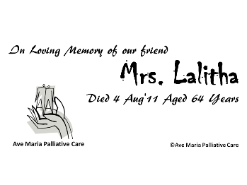 Mrs. Lalitha-Died 4 Aug’11 Aged 64 Years
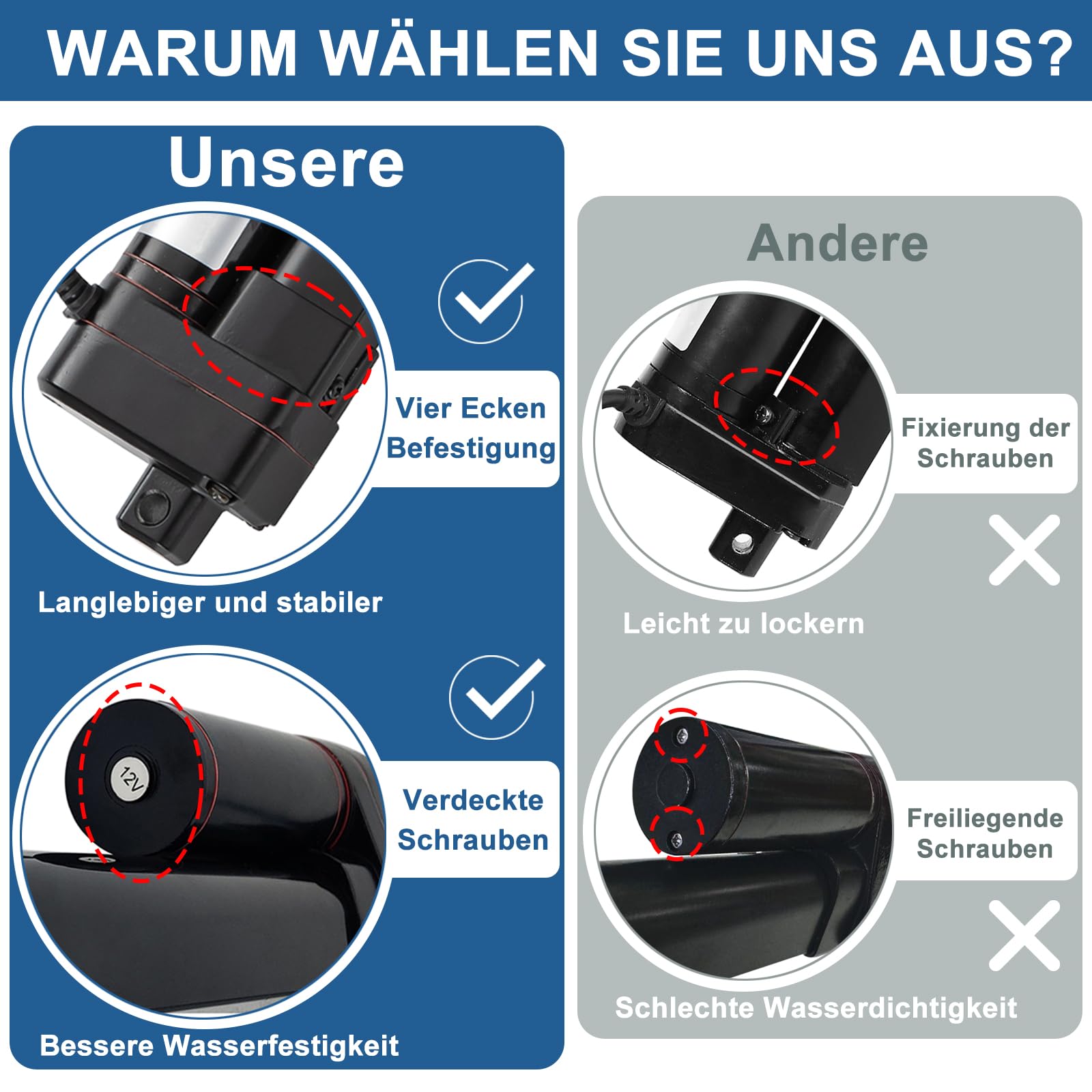 "Quiet and stable: The linear actuator adopts plastic gears, quieter and more durable, not easy to oxidize, noise below 50dB. High-quality aluminum alloy and four corner fixing base design make the linear actuator more stable and sturdy.",
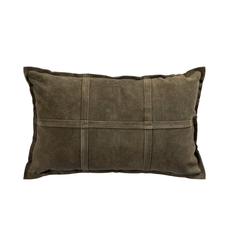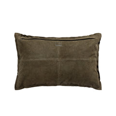 This cushion is made of 100% suede leather with a filling of 100% polyester. This is not machine washable. Only professional dry cleaning is advised.

Work instructions: Set down the material above as is, without any pictures.

Task solution:
 Mrs. Lalitha-Died 4 Aug’11 Aged 64 Years
 "Quiet and stable: The linear actuator adopts plastic gears, quieter and more durable, not easy to oxidize, noise below 50dB. High-quality aluminum alloy and four corner fixing base design make the linear actuator more stable and sturdy.",
 This cushion is made of 100% suede leather with a filling of 100% polyester. This is not machine washable. Only professional dry cleaning is advised.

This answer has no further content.